Traditional RETE implements a modify as a delete + insert. This causes all join tuples to be GC’d, many of which are recreated again as part of the insert. Modify-in-place instead propagates as a single pass, every node is inspected
- Property reactive
Also called “new trigger condition”. Allows more fine grained reactivity to updates. A Pattern can react to changes to specific properties and ignore others. This alleviates problems of recursion and also helps with performance.
Not, Exists and Accumulate can each have nested conditional elements, which forms sub-networks.
- Backward Chaining
Prolog style derivation trees for backward chaining are supported. The implementation is stack based, so does not have method recursion issues for large graphs.
- Lazy Truth Maintenance
Truth maintenance has a runtime cost, which is incurred whether TMS is used or not. Lazy TMS only turns it on, on first use. Further it’s only turned on for that object type, so other object types do not incur the runtime cost.
- Heap based agenda
The agenda uses a binary heap queue to sort rule matches by salience, rather than any linear search or maintenance approach.
- Dynamic Rules
Rules can be added and removed at runtime, while the engine is still populated with data.
Drools 6 introduces a new algorithm, that attempts to address some of the core issues of RETE. The algorithm is not a rewrite form scratch and incorporates all of the existing code from ReteOO, and all it’s enhancements.

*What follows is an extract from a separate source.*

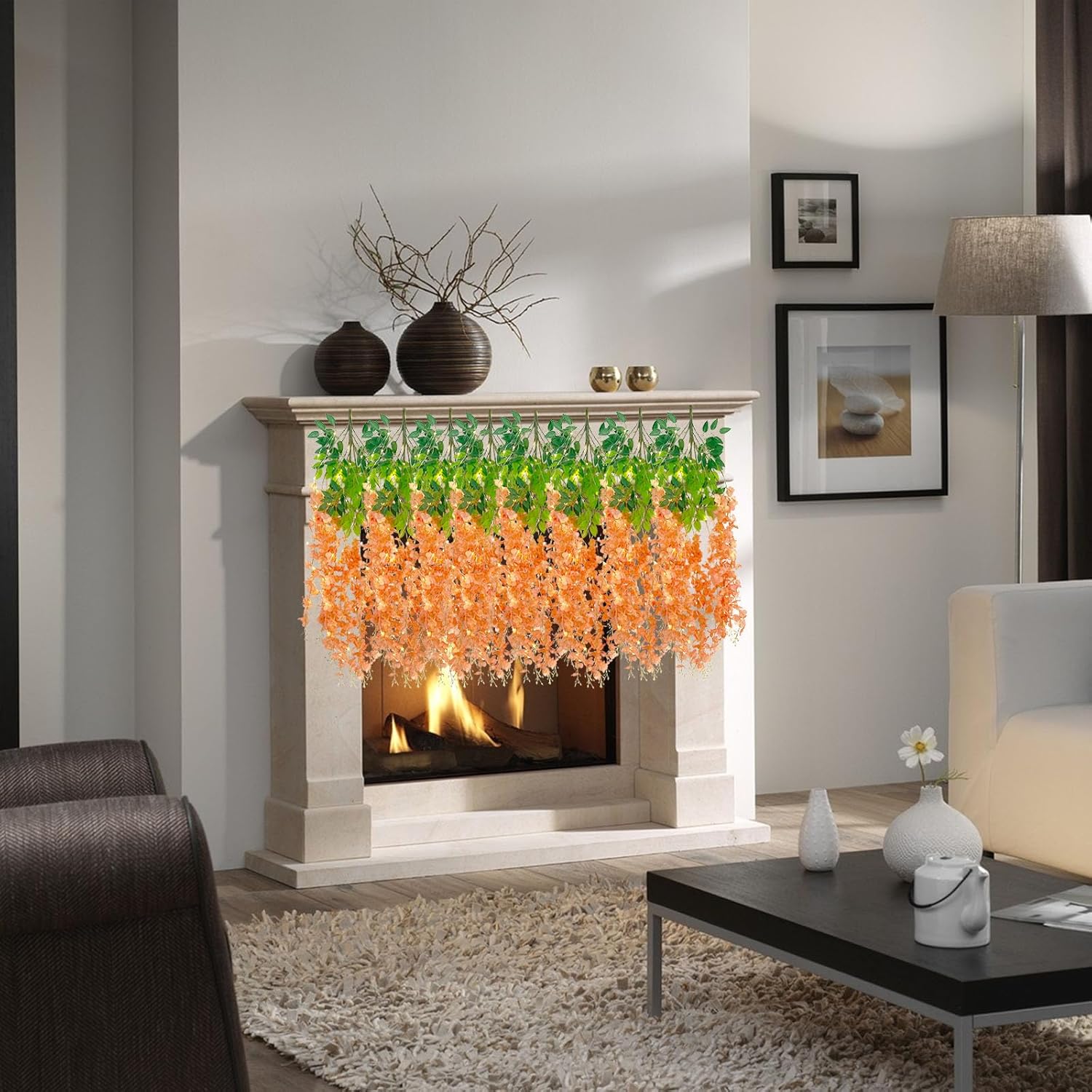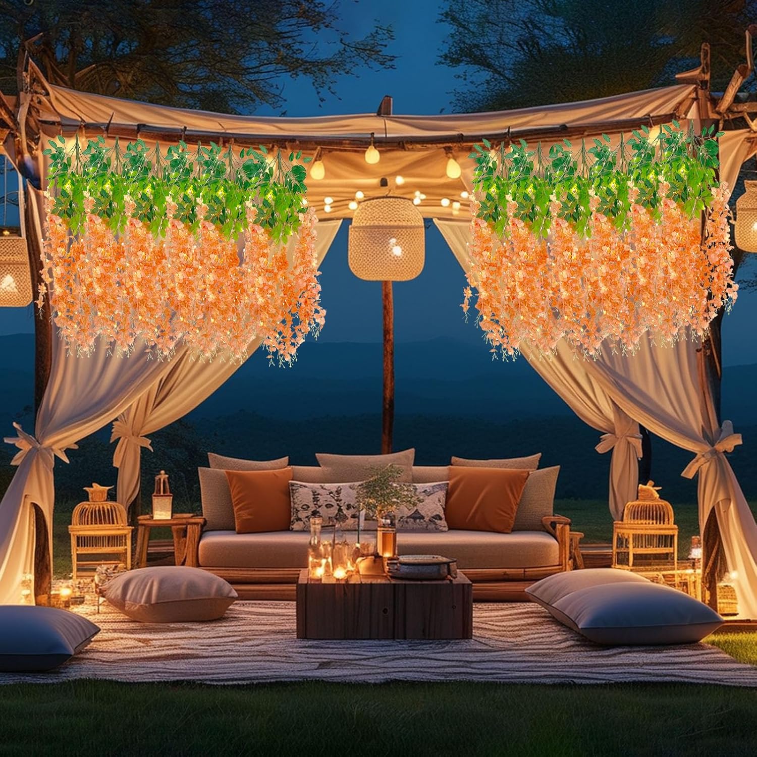 - 【Package Included】12 pieces of silk orange wisteria hanging flowers, each length 41.27 inches. Every artificial wisteria garland has 3 branches and 6 leaves, the wisteria flower petal length is 21.62 inches. It also comes with a warm light string that requires 2 AA batteries (Note: There may be some color differences in different lights, product not include batteries)

While PHREAK is an evolution of the RETE algorithm, it is no longer classified as a RETE implementation. In the same way that once an animal evolves beyond a certain point and key characteristics are changed, the animal becomes classified as new species. There are two key RETE characteristics that strongly identify any derivative strains, regardless of optimizations. That it is an eager, data oriented algorithm. Where all work is done during the insert, update or delete actions; eagerly producing all partial matches for all rules. PHREAK in contrast is characterised as a lazy, goal oriented algorithm; where partial matching is aggressively delayed.

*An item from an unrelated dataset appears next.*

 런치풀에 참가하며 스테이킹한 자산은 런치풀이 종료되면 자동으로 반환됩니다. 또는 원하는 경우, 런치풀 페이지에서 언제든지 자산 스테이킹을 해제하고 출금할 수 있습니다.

This eagerness of RETE can lead to a lot of churn in large systems, and much wasted work. Where wasted work is classified as matching efforts that do not result in a rule firing.
PHREAK was heavily inspired by a number of algorithms; including (but not limited to) LEAPS, RETE/UL and Collection-Oriented Match. PHREAK has all enhancements listed in the ReteOO section. In addition it adds the following set of enhancements, which are explained in more detail in the following paragraphs.
- Three layers of contextual memory; Node, Segment and Rule memories.
- Rule, segment and node based linking.
- Lazy (delayed) rule evaluation.
- Isolated rule evaluation.
- Set oriented propagations.
- Stack based evaluations, with pause and resume.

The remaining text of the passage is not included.